The red-teaming and benchmarking exercises would have defined target metrics that Tessa would need to meet — or limits it would have to avoid crossing — to be deployed or stay in service.

The NEDA story is hardly an isolated example. LLM-based chatbots are increasingly providing information and advice on important topics, yet they are not being adequately audited in advance, and they are failing in alarming ways. A New York City government chatbot was recently found to be telling users that landlords didn’t have to accept tenants on rental assistance and that employers could take a cut of their workers’ tips — practices that are against the law.18 And chatbots deployed by TurboTax and H&R Block were recently found to be giving faulty advice to tax filers.19

Auditing algorithms, as presented here, takes a high-level view: Any organization looking to deploy algorithms in high-impact areas needs to keep track of the risks of stakeholder harms. This should be done in a context-specific way and with generalized methods that encompass everything from old-fashioned flowcharts to classic machine learning to LLMs.

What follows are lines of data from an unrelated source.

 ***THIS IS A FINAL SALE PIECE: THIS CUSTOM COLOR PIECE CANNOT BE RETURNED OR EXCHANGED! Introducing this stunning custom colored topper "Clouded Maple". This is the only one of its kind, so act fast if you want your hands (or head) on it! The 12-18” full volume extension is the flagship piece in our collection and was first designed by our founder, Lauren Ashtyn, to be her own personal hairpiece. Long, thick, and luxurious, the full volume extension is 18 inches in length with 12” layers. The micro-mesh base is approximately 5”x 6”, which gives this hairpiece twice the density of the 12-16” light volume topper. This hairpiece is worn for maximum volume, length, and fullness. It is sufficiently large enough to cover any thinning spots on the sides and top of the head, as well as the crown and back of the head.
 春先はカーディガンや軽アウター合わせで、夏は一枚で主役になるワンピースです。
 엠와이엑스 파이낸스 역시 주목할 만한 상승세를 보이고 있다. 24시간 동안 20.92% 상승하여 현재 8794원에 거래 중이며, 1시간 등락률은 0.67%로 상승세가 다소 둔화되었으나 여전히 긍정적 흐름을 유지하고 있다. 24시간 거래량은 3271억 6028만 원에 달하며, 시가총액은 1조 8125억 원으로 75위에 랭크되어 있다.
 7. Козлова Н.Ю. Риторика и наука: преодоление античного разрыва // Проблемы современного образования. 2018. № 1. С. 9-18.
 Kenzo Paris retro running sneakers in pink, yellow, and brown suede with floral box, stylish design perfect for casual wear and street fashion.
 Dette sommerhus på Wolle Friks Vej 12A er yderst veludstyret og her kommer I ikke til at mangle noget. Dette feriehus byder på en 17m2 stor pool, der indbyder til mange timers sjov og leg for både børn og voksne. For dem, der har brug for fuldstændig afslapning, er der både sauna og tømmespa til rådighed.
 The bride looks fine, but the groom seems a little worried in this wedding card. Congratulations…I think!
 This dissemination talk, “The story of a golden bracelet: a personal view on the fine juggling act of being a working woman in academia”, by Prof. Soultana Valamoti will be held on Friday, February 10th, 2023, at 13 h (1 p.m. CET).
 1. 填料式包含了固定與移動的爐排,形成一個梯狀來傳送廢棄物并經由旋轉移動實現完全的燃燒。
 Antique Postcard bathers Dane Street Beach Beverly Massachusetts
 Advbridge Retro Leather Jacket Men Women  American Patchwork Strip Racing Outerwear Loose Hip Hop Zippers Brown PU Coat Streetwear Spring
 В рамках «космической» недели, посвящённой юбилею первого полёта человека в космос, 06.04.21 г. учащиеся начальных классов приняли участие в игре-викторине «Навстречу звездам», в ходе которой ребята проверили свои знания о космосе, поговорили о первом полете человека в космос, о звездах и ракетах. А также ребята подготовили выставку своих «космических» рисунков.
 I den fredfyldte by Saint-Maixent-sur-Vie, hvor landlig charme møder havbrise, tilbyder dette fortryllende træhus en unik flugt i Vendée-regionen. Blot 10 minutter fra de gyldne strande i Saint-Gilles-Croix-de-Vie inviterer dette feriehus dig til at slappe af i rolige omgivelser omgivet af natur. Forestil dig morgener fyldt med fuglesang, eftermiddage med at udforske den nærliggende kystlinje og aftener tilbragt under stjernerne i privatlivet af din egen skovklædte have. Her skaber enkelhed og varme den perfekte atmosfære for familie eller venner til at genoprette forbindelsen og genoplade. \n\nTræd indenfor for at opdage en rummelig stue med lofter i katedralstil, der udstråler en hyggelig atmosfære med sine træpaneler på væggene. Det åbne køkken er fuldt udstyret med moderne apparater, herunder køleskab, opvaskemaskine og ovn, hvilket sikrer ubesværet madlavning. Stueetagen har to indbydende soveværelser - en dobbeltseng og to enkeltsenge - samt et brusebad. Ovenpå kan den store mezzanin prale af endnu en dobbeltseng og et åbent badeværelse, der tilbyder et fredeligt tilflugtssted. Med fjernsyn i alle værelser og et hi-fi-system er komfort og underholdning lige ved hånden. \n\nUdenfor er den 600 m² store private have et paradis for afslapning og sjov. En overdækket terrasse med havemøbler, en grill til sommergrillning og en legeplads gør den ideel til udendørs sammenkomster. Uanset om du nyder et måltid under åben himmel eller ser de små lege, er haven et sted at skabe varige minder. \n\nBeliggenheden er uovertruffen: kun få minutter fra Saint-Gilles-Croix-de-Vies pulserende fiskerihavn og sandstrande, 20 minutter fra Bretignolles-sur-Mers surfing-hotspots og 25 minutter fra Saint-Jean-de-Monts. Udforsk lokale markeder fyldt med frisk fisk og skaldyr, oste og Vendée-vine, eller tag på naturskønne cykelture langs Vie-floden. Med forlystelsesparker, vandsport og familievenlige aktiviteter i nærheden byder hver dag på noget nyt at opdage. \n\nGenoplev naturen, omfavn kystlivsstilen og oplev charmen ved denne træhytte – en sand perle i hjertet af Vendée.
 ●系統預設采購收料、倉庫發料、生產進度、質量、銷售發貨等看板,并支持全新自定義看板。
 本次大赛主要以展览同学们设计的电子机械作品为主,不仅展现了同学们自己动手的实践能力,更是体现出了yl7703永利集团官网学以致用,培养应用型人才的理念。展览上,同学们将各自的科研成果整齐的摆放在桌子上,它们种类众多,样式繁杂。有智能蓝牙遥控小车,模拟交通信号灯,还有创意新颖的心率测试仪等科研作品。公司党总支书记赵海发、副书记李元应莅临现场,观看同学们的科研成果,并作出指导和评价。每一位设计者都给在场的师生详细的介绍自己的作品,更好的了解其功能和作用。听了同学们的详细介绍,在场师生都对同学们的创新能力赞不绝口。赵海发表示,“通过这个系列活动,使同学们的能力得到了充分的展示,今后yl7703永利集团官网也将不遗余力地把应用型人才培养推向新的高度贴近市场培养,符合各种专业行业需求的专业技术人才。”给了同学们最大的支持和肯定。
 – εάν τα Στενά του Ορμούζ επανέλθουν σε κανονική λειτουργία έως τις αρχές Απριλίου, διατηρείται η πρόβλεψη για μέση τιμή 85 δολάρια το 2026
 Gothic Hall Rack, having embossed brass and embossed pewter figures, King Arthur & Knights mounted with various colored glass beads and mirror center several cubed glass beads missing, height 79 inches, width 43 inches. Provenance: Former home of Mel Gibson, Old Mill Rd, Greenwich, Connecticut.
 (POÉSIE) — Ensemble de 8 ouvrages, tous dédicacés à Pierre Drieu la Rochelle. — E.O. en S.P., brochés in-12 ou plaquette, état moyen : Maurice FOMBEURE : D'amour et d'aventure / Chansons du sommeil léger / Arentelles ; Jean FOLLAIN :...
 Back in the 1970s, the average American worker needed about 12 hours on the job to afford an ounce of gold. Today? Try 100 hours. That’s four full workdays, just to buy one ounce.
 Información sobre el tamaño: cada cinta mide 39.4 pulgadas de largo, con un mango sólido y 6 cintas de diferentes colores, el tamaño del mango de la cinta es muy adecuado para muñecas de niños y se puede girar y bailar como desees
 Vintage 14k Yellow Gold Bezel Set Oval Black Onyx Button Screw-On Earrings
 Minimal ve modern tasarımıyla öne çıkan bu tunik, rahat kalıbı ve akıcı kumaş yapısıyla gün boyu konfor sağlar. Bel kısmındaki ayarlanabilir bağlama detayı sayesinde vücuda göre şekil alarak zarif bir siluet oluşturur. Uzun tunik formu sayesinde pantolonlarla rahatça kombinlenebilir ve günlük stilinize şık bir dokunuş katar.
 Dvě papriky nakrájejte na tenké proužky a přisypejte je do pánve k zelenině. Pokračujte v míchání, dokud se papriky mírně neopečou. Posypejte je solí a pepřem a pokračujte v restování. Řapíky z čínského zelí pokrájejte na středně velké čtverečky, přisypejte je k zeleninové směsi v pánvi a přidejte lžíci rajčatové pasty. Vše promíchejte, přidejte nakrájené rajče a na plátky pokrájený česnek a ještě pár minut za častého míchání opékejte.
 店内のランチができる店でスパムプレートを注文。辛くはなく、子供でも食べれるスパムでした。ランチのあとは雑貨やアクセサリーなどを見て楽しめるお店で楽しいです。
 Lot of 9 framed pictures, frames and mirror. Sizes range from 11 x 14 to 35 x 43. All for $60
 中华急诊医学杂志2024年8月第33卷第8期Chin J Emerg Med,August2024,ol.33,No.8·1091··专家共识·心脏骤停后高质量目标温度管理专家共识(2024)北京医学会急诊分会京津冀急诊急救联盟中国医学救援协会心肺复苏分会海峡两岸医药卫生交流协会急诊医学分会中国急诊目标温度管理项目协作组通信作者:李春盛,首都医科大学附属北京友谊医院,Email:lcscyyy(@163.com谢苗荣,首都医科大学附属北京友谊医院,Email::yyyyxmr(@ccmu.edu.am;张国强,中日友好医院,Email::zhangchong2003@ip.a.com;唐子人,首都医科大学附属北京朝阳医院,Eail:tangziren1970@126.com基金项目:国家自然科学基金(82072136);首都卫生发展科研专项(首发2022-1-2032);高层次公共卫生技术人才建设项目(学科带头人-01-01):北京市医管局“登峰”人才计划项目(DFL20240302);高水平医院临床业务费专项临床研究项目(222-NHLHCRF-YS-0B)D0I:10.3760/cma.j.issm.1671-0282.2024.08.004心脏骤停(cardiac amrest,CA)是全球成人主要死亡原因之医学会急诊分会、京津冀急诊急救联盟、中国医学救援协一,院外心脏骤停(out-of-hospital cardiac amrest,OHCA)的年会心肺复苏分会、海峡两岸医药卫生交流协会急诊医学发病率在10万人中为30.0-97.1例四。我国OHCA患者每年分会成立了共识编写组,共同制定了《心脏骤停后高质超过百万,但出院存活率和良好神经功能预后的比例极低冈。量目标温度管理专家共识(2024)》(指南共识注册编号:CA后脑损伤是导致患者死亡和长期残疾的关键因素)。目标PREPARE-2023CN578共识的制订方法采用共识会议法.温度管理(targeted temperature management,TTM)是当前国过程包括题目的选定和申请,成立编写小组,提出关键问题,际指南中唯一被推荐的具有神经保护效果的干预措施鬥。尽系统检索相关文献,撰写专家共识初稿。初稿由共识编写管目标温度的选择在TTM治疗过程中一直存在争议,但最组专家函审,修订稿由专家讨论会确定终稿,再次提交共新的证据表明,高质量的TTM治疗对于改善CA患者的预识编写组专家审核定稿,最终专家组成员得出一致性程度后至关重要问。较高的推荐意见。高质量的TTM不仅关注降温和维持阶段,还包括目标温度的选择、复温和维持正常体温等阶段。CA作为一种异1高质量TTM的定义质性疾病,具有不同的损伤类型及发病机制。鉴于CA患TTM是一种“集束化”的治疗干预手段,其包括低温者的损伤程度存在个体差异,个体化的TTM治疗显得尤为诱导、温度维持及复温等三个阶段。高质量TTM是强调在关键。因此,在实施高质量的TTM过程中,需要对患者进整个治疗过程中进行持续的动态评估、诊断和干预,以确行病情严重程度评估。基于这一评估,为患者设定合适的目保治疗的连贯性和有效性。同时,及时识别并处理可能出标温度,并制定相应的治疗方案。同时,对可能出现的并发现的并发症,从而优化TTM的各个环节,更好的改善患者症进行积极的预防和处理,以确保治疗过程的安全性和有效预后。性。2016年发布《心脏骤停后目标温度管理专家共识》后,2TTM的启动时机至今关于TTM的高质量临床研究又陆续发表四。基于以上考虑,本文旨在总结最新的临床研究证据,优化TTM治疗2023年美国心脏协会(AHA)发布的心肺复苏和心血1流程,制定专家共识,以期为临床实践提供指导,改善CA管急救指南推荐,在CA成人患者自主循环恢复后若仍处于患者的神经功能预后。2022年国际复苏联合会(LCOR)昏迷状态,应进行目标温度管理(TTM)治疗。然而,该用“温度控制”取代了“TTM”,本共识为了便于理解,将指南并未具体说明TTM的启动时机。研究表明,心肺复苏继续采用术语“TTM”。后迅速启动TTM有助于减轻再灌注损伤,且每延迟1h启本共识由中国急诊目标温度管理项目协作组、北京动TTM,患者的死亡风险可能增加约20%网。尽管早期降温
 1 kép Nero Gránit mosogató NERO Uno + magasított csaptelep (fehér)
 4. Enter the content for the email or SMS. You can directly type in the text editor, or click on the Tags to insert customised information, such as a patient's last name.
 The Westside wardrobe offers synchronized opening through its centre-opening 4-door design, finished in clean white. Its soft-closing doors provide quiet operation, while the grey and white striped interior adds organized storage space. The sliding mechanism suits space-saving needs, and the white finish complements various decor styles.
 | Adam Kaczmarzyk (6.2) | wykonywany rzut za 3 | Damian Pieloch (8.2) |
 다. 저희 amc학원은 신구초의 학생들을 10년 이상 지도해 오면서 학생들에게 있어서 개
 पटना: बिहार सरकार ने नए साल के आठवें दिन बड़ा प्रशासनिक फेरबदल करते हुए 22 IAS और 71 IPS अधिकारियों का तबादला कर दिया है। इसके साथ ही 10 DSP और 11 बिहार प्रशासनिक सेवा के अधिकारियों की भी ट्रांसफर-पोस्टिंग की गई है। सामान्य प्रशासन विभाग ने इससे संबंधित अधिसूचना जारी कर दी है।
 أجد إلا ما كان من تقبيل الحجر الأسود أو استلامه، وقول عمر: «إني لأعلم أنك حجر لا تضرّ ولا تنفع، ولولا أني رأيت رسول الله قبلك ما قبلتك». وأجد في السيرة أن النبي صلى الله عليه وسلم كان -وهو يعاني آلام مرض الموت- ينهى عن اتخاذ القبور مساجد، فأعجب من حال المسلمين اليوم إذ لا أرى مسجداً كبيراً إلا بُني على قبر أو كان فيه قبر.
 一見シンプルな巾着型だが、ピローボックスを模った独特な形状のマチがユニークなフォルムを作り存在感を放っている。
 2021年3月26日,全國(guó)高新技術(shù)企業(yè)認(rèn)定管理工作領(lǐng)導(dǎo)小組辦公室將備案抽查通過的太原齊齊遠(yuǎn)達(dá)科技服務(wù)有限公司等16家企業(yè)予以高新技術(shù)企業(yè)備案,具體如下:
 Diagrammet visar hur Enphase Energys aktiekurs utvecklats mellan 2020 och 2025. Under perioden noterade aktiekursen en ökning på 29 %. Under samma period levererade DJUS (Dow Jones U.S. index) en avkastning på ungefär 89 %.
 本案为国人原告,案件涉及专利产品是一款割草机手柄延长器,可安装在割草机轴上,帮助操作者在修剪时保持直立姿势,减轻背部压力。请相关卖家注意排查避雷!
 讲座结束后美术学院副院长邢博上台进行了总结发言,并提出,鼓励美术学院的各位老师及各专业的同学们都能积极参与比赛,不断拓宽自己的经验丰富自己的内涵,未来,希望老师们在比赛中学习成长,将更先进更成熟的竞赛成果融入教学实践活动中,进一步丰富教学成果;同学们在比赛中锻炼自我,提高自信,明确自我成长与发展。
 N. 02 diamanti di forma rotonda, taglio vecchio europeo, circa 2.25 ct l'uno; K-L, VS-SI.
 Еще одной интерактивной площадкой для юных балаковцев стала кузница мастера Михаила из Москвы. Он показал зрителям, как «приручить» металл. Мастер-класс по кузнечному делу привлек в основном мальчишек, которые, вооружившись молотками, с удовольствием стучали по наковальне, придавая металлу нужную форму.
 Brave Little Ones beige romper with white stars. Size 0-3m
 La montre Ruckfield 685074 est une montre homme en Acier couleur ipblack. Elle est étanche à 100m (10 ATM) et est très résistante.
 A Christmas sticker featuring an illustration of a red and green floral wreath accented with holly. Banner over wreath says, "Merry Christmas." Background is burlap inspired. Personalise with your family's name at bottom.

A final note: Sometimes, the risk of AI or LLMs cannot be reliably measured or understood because the results are too stochastic or inconsistent. That might mean that AI simply shouldn’t be used in that context. But that’s a decision for organization leaders to make, with reference to internal rules or external laws and regulations; it’s not the role of the auditor to fix problems, just to locate and measure them.